■ PROBLEM TO SOLVE: Retype the line in which "恭喜维克托·文班亚马 (Victor Wembanyama)" appears, then every line after it until the records end. Leave out the pictures.

■ DATA PROVIDED:
------------------------------

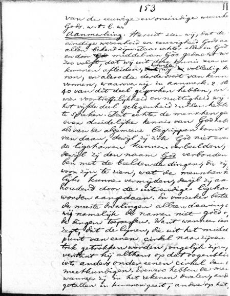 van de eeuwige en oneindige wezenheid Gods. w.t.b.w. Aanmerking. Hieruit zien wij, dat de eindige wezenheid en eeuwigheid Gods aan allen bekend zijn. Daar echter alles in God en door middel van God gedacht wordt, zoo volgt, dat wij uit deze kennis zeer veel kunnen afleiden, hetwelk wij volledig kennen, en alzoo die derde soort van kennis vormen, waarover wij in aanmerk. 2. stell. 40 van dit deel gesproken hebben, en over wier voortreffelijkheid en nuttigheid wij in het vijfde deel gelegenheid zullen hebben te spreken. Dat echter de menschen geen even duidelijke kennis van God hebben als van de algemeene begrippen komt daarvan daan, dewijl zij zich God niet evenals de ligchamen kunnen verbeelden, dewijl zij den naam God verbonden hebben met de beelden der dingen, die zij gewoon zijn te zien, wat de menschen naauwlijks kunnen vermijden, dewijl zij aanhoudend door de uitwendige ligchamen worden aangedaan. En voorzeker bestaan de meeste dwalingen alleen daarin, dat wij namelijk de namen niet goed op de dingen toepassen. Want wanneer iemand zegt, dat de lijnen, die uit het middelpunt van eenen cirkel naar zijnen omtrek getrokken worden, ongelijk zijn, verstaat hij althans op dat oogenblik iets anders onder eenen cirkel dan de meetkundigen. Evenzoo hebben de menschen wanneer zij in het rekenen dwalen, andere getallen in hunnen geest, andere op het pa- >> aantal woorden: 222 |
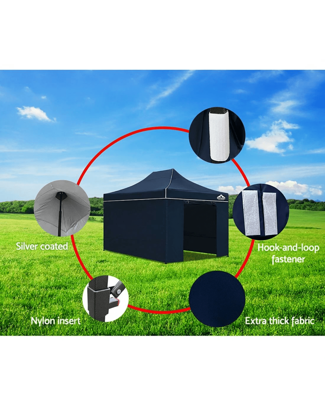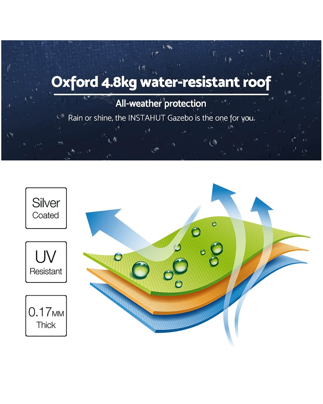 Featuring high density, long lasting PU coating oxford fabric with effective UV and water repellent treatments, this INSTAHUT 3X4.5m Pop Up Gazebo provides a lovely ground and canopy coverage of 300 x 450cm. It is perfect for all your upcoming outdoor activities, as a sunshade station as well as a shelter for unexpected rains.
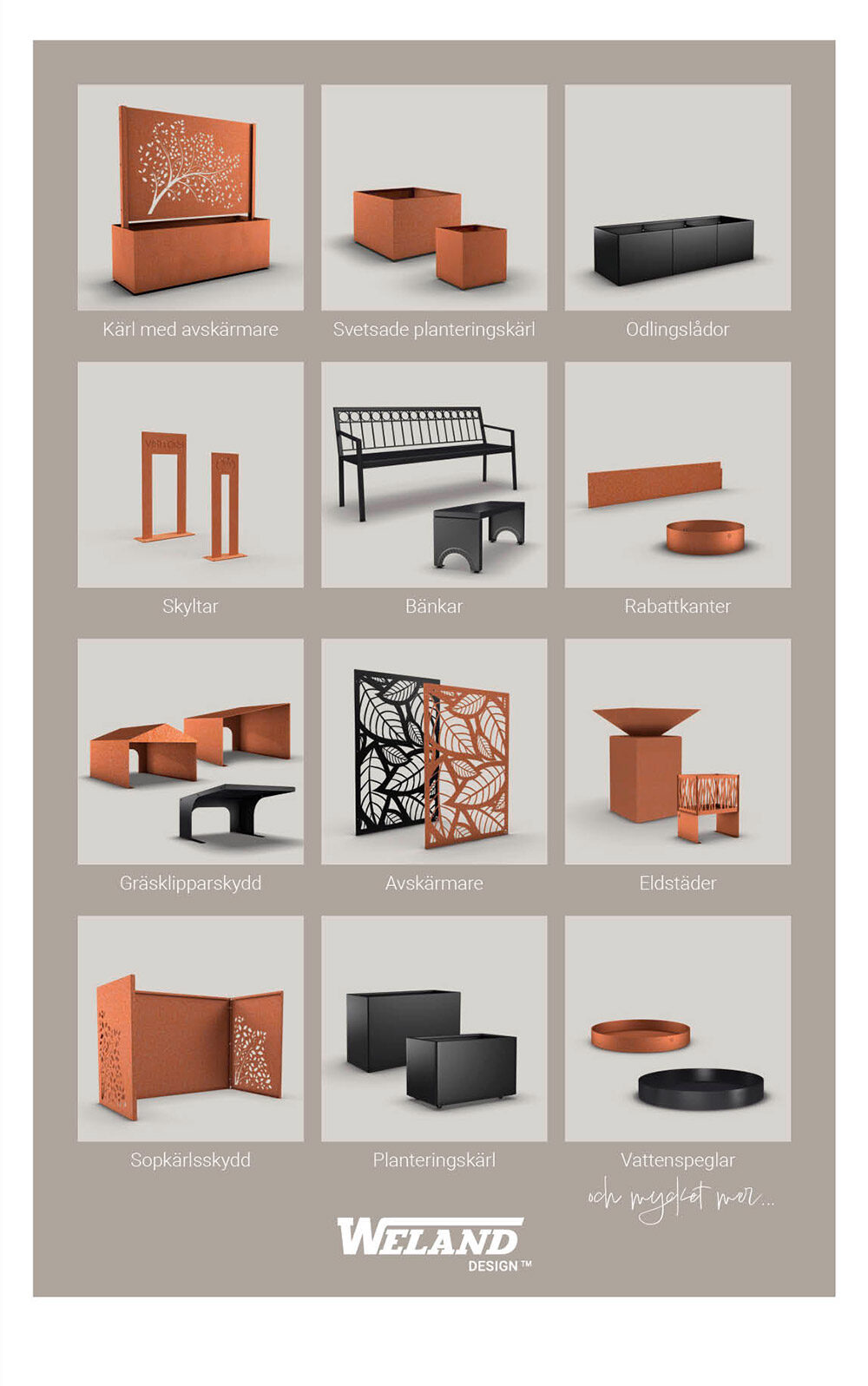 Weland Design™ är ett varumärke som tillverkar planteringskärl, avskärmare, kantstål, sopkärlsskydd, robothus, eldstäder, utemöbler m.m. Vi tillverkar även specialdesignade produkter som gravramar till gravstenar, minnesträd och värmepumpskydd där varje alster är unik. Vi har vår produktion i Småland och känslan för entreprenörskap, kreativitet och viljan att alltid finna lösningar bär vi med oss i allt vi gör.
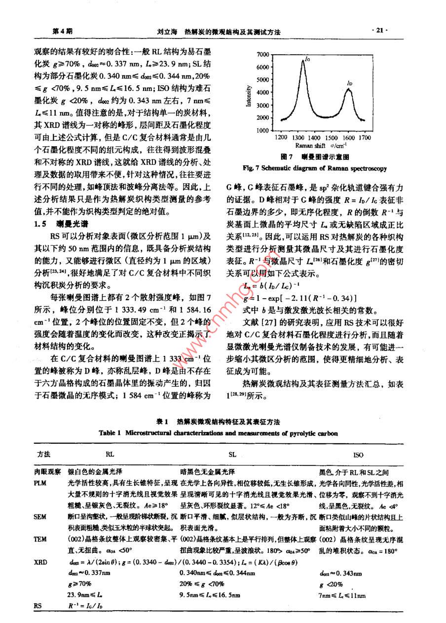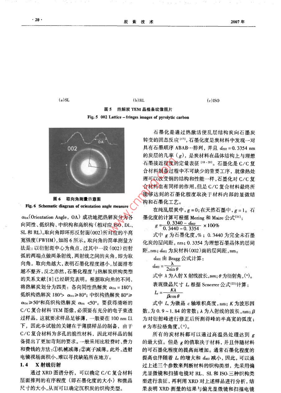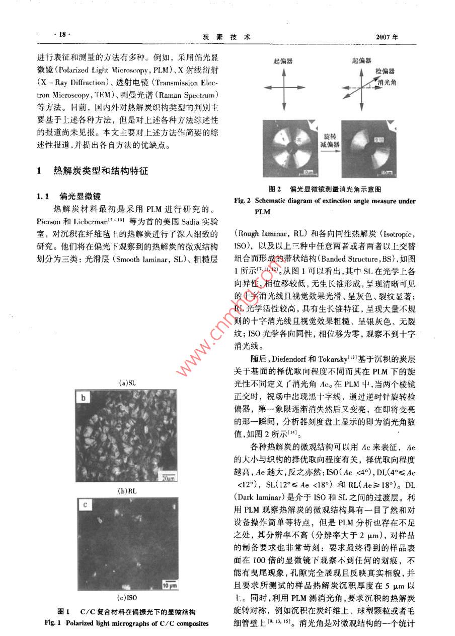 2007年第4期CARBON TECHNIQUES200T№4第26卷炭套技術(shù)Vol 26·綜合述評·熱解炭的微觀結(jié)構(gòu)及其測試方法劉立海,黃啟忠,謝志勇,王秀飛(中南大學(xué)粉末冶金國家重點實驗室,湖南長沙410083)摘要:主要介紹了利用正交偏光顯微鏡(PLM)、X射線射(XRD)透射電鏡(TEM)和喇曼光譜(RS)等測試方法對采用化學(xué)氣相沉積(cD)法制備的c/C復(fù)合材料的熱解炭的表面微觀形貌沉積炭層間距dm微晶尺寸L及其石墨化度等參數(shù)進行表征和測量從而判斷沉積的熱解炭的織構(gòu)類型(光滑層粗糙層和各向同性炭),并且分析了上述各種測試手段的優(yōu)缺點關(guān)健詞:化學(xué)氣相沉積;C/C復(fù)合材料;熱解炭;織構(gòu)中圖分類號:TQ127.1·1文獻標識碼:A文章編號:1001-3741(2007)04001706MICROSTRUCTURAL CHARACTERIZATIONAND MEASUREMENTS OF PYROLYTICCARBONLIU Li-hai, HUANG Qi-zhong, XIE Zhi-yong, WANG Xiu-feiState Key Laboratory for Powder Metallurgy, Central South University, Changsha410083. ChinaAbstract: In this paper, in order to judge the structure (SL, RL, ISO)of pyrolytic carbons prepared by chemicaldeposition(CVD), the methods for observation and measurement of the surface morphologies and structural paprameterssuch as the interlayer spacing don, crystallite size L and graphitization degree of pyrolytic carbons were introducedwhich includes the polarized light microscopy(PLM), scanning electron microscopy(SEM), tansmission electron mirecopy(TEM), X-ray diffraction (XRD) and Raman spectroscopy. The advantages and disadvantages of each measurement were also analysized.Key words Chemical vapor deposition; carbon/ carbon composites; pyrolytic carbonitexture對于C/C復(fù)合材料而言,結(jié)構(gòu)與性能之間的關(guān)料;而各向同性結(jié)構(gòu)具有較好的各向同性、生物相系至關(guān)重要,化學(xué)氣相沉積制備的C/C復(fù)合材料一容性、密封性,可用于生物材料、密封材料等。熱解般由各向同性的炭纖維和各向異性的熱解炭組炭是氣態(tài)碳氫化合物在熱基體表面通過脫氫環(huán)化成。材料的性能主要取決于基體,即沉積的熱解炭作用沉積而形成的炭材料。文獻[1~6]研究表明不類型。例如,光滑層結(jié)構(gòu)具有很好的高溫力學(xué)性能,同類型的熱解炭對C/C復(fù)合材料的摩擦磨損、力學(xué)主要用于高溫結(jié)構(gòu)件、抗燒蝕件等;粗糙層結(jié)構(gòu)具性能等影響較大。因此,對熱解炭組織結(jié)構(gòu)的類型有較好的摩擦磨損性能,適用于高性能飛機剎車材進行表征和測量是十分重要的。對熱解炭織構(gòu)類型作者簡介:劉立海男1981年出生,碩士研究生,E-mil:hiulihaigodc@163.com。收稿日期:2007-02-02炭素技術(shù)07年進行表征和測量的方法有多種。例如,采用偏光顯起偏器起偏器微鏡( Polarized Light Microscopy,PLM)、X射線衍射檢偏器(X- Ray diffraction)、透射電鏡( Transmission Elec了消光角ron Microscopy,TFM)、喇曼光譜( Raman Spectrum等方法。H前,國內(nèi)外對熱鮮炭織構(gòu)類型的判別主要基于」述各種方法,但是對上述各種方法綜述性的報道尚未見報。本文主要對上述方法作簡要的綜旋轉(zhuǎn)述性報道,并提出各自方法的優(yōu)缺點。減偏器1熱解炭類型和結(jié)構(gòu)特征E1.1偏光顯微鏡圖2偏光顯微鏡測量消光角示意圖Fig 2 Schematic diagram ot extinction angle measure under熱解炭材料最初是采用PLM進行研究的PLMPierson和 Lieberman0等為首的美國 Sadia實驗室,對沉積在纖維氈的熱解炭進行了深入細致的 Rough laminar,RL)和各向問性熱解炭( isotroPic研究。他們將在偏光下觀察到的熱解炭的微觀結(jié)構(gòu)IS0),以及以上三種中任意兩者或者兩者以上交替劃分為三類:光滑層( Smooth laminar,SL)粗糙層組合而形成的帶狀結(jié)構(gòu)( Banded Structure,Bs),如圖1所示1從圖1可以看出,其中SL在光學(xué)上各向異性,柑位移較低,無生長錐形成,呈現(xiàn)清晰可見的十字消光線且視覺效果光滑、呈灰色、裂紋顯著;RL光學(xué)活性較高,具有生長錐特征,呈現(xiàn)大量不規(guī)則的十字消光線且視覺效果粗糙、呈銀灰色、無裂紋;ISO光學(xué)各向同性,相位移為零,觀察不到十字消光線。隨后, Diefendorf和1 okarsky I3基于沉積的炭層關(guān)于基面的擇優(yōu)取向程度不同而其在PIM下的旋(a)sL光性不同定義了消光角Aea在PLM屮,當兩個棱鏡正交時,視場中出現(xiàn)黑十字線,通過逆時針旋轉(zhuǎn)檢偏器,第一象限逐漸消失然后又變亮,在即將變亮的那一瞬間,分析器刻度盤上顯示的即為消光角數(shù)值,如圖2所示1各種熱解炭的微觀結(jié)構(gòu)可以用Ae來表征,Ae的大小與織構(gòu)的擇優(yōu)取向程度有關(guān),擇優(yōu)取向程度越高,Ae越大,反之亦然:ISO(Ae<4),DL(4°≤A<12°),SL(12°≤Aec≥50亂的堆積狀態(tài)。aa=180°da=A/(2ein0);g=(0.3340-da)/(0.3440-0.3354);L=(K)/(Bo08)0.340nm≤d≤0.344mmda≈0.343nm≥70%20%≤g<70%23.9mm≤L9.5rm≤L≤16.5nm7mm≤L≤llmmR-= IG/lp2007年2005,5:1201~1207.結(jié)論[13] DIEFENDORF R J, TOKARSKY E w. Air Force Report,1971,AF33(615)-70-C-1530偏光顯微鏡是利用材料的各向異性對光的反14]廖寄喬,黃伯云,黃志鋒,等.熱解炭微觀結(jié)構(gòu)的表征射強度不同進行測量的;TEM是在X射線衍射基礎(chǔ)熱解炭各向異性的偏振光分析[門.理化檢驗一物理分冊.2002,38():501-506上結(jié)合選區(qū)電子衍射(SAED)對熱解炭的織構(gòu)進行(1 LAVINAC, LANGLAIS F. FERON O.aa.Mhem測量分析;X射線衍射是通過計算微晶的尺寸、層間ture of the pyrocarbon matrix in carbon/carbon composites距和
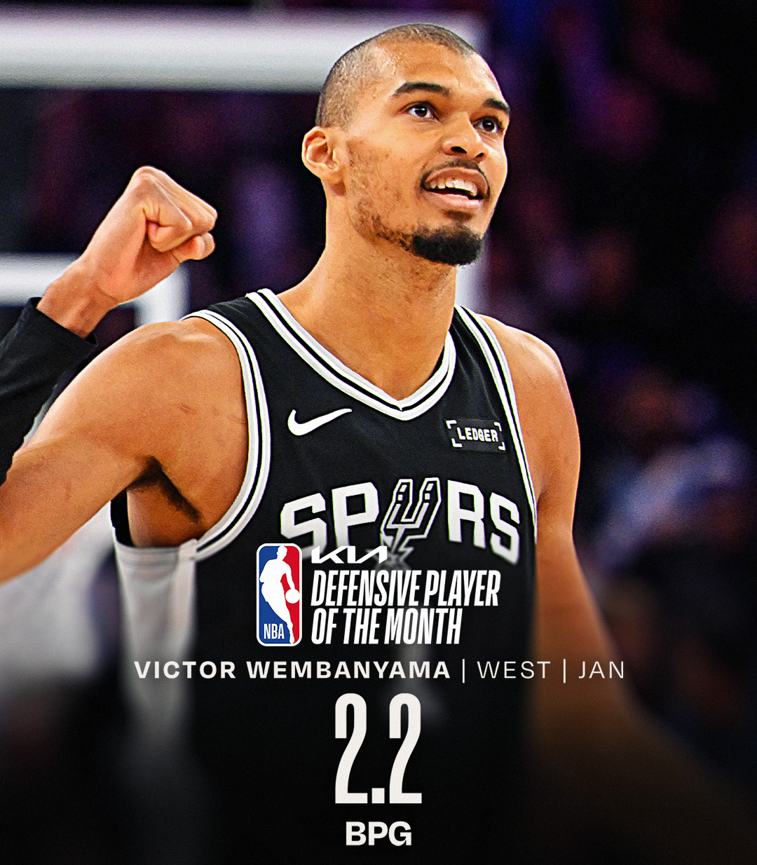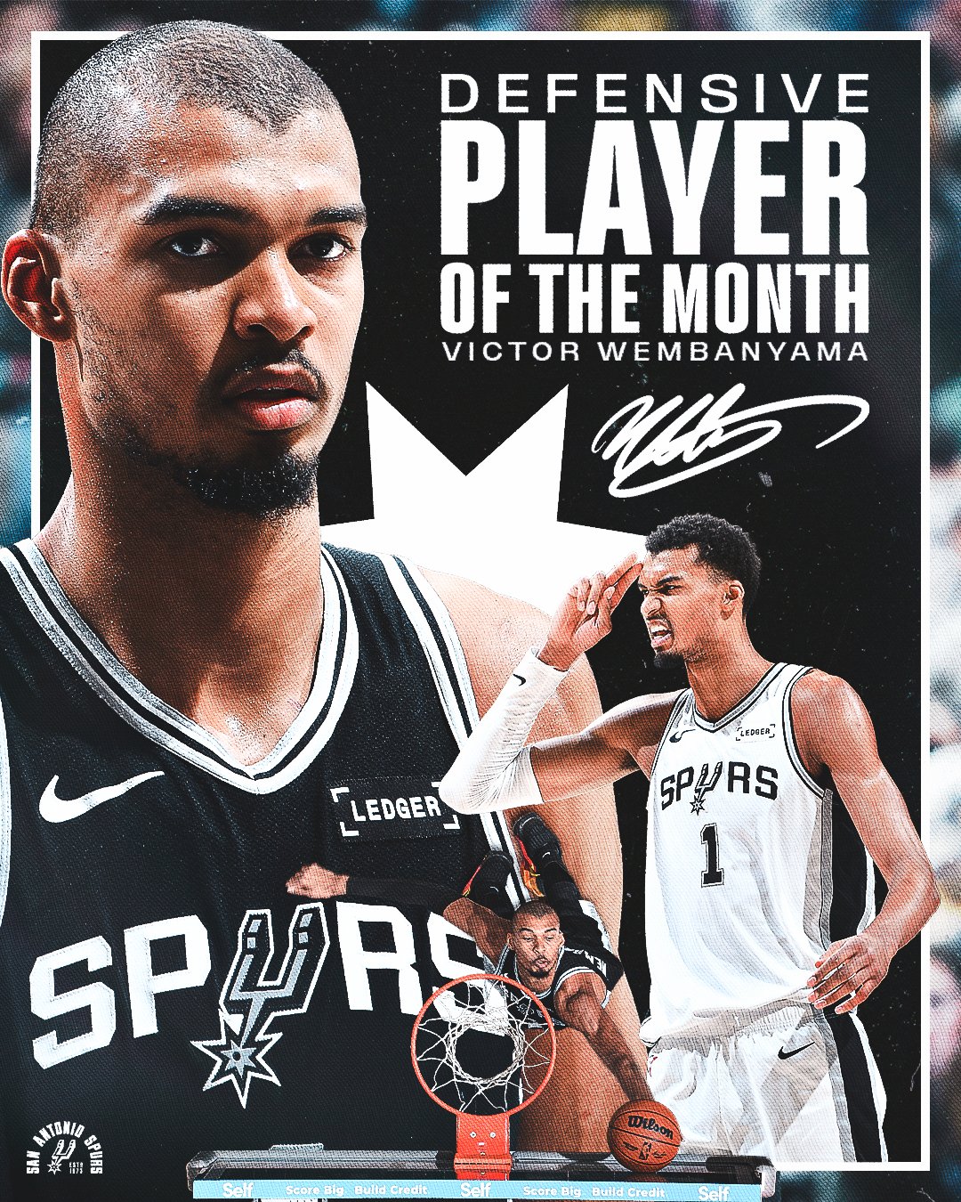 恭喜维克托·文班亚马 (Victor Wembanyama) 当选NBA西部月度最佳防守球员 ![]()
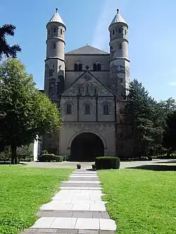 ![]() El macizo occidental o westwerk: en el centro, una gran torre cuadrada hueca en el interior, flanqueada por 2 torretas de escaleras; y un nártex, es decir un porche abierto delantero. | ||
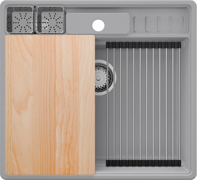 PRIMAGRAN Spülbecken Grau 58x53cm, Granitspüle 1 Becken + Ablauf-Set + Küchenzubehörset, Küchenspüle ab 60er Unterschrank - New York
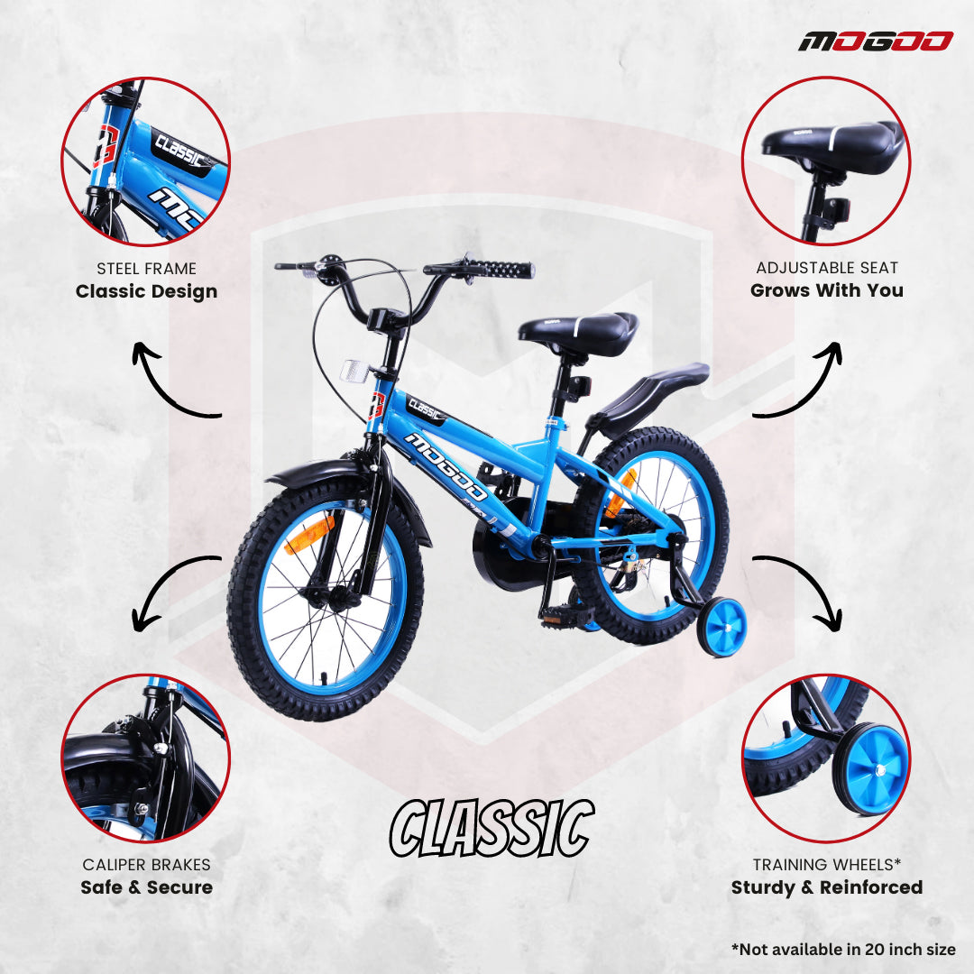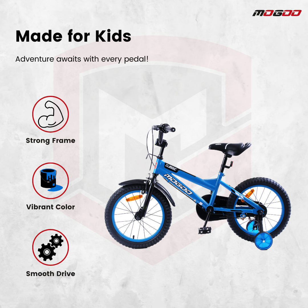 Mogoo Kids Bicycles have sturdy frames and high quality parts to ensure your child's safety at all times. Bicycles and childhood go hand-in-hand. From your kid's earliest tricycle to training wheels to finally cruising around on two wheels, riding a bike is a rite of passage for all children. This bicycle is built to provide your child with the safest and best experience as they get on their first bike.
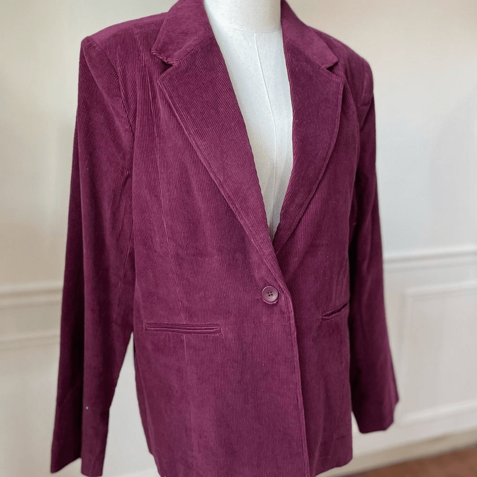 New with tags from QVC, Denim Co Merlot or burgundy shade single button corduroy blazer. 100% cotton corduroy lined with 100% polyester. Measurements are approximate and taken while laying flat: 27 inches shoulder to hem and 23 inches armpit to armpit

------------------------------

■ RESPONSE FOR THIS EXERCISE:
 恭喜维克托·文班亚马 (Victor Wembanyama) 当选NBA西部月度最佳防守球员 ![]()
 ![]() El macizo occidental o westwerk: en el centro, una gran torre cuadrada hueca en el interior, flanqueada por 2 torretas de escaleras; y un nártex, es decir un porche abierto delantero. | ||
 PRIMAGRAN Spülbecken Grau 58x53cm, Granitspüle 1 Becken + Ablauf-Set + Küchenzubehörset, Küchenspüle ab 60er Unterschrank - New York
 Mogoo Kids Bicycles have sturdy frames and high quality parts to ensure your child's safety at all times. Bicycles and childhood go hand-in-hand. From your kid's earliest tricycle to training wheels to finally cruising around on two wheels, riding a bike is a rite of passage for all children. This bicycle is built to provide your child with the safest and best experience as they get on their first bike.
 New with tags from QVC, Denim Co Merlot or burgundy shade single button corduroy blazer. 100% cotton corduroy lined with 100% polyester. Measurements are approximate and taken while laying flat: 27 inches shoulder to hem and 23 inches armpit to armpit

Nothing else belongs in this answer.